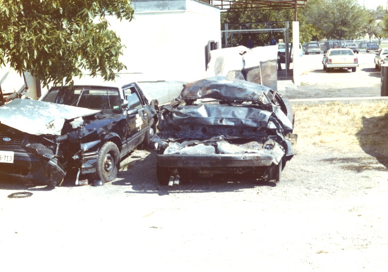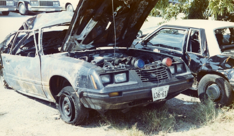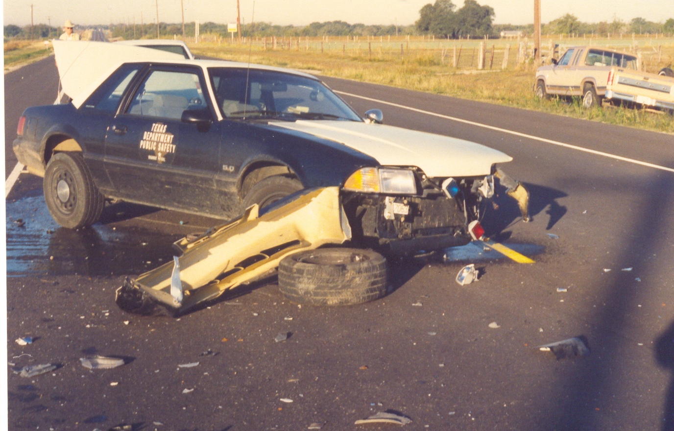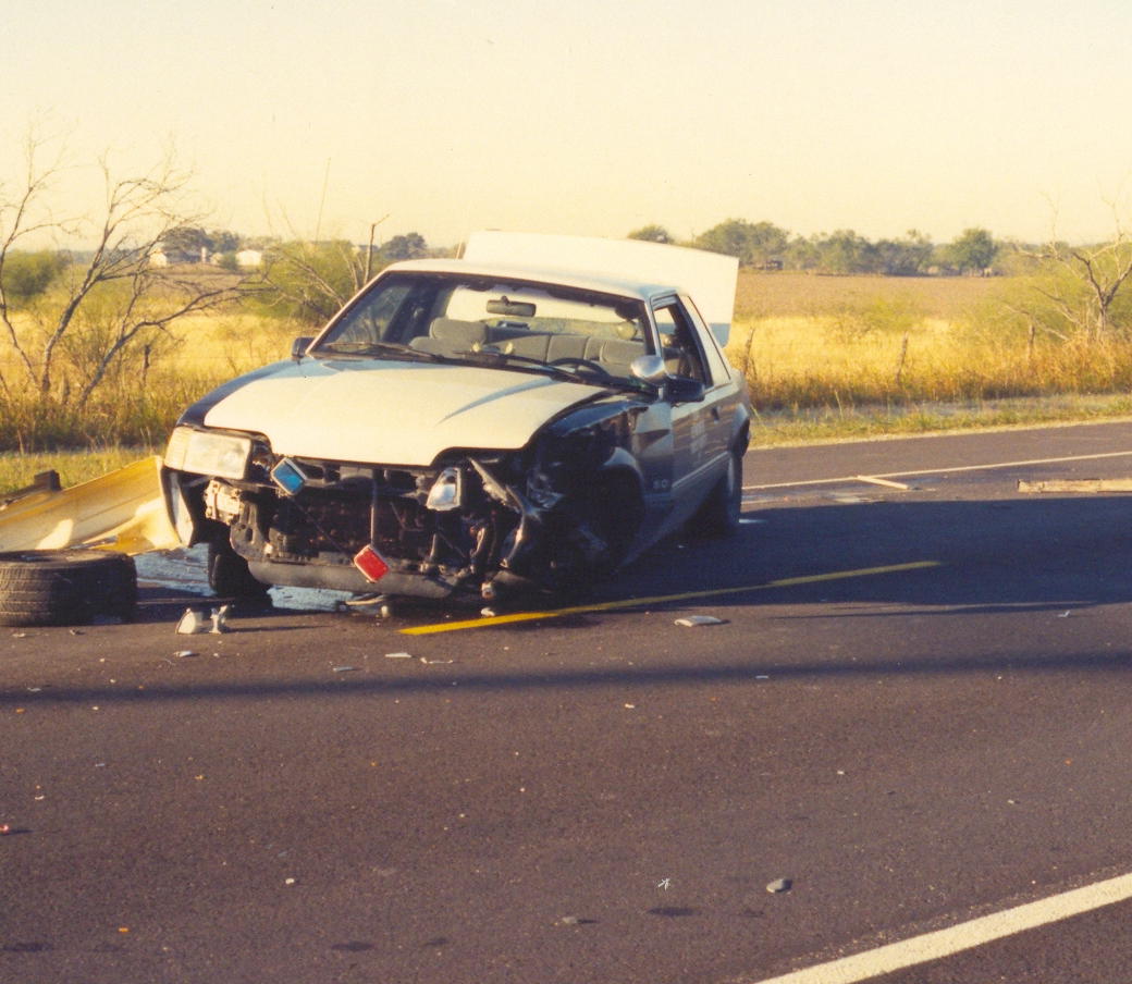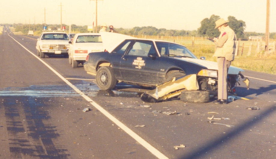 The top three pictures are of a 1987 Texas Highway Patrol Ford Mustang. This picture was made in 1988 or 1989. A Texas State Trooper was on routine patrol on U.S. Highway 90 in Guadalupe county near Seguin, Texas when obviously an accident occured. Trooper was not injured. Bad front end damage! Photo courtesy of Trooper Mike Cantu, THP-Seguin.
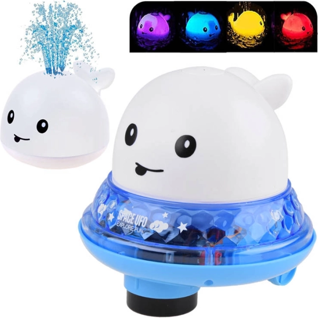 Una volta immersa, la balena si avvia da sola, nebulizza l’acqua e risplende con luci colorate: il tocco perfetto per il bagnetto serale.
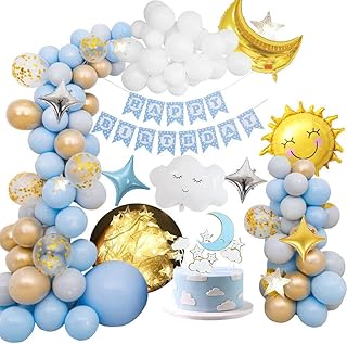 MMTX Décorations de fête d'anniversaire Garçons Filles, Ballons de fête thème ciel décoration avec bannière de joyeux anniversaire, ballon de feuille de nuages de, pour la première fête d'anniversaire
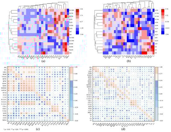 Heat map and Pearson correlation diagram of physiological and biochemical indicators of sunflower under different concentrations of sodium silicate treatment. (a) Heat map of physiological and biochemical indexes in sunflower at seedling stage, (b) heat map of physiological and biochemical indexes in sunflower at blooming stage, (c) Pearson correlation analysis of physiological and biochemical indexes in sunflower at seedling stage, (d) Pearson correlation analysis of physiological and biochemical indexes in sunflower at blooming stage. The main indicators were plant height (PH), stem thickness (ST), leaf area (LA), number of branches (NOB), number of leaf blades (NOLB), root fresh weight (RFW), aboveground fresh weight (AFW), root dry weight (RDW), aboveground dry weight (ADW), whole-plant dry weight (WPDW), whole-plant fresh weight (WPFW), root Cd content (R Cd), stem Cd content (S Cd), leaf Cd content (L Cd), root Cd accumulation (R Cd A), stem Cd accumulation (S Cd A), leaf Cd accumulation (L Cd A), chlorophyll a (Chl a), chlorophyll b (Chl b), total chlorophyll (T Chl), superoxide dismutase (SOD), peroxidase (POD), catalase (CAT), malondialdehyde (MDA), net photosynthetic rate (Pn), transpiration rate (Tr), stomatal conductance (Gs), and intercellular carbon dioxide (Ci). *, **, and *** indicate that each parameter of sunflower was significantly correlated at p ≤ 0.05, p ≤ 0.01, and p ≤ 0.001 levels, respectively.

Work task: Exactly repeat the material from its first line through the line with "MMTX Décorations de", including both, and leave the pictures and everything else out.

Worked solution:
 The top three pictures are of a 1987 Texas Highway Patrol Ford Mustang. This picture was made in 1988 or 1989. A Texas State Trooper was on routine patrol on U.S. Highway 90 in Guadalupe county near Seguin, Texas when obviously an accident occured. Trooper was not injured. Bad front end damage! Photo courtesy of Trooper Mike Cantu, THP-Seguin.
 Una volta immersa, la balena si avvia da sola, nebulizza l’acqua e risplende con luci colorate: il tocco perfetto per il bagnetto serale.
 MMTX Décorations de fête d'anniversaire Garçons Filles, Ballons de fête thème ciel décoration avec bannière de joyeux anniversaire, ballon de feuille de nuages de, pour la première fête d'anniversaire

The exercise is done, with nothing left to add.